• _ASSIGNED TASK_
Transcribe only the lines in the data below falling between the line with "11.1.2010. - U" and the line with "ゴルフウェア VIVA HEART", including those two lines, and leave out any picture.

• _RECORDS SHOWN_
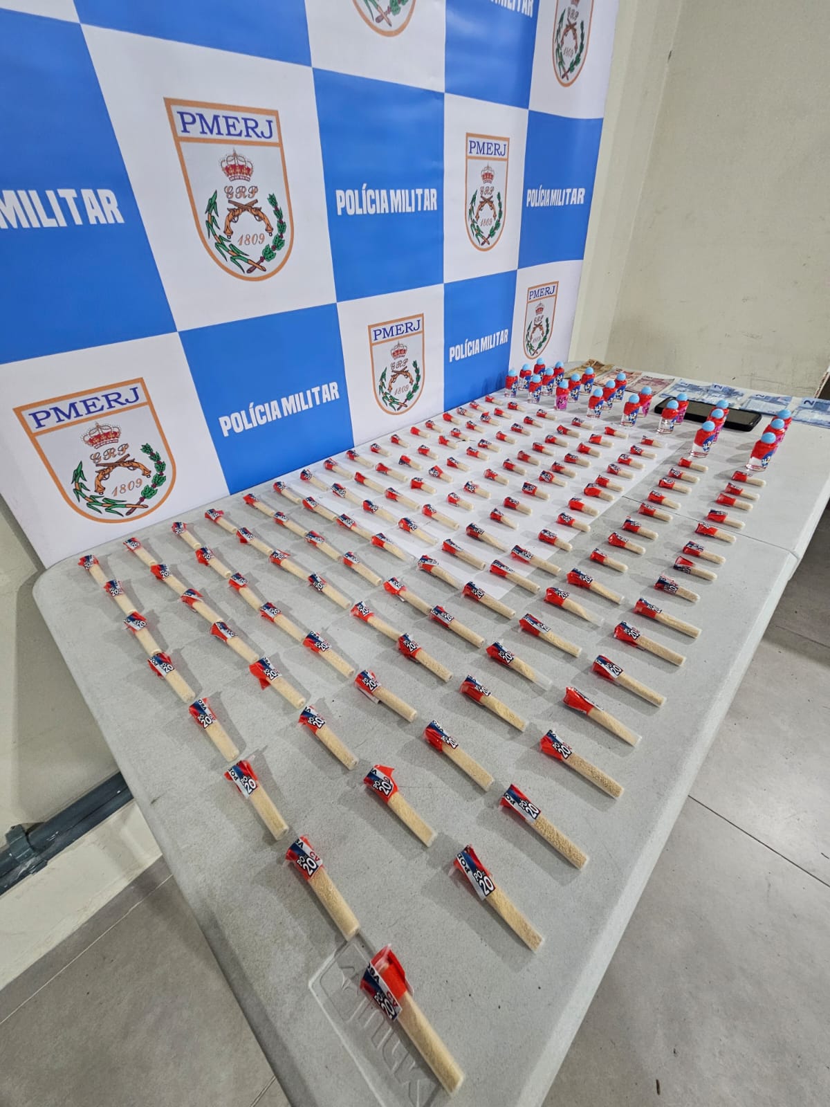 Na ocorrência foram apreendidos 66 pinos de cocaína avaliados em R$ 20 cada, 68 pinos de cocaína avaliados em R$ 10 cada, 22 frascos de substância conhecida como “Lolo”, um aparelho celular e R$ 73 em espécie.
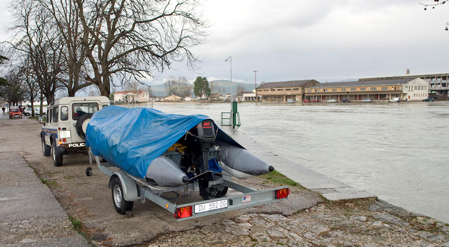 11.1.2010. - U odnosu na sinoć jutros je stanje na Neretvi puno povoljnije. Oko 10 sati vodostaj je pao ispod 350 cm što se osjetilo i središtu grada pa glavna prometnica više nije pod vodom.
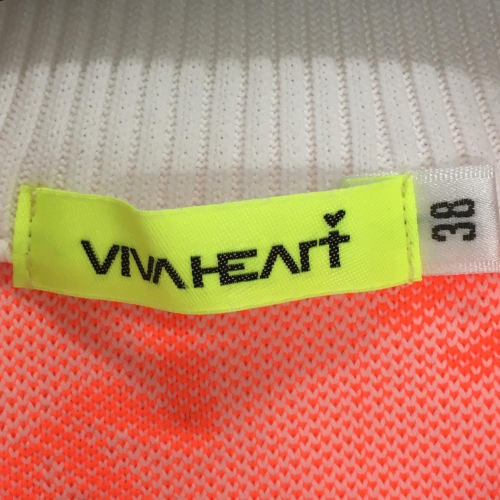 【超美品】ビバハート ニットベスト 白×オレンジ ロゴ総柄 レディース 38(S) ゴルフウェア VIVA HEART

==

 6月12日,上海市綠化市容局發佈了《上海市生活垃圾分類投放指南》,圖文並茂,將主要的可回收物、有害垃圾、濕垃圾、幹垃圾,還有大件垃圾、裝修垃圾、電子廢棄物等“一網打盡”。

• _ANSWER SPACE_
 11.1.2010. - U odnosu na sinoć jutros je stanje na Neretvi puno povoljnije. Oko 10 sati vodostaj je pao ispod 350 cm što se osjetilo i središtu grada pa glavna prometnica više nije pod vodom.
 【超美品】ビバハート ニットベスト 白×オレンジ ロゴ総柄 レディース 38(S) ゴルフウェア VIVA HEART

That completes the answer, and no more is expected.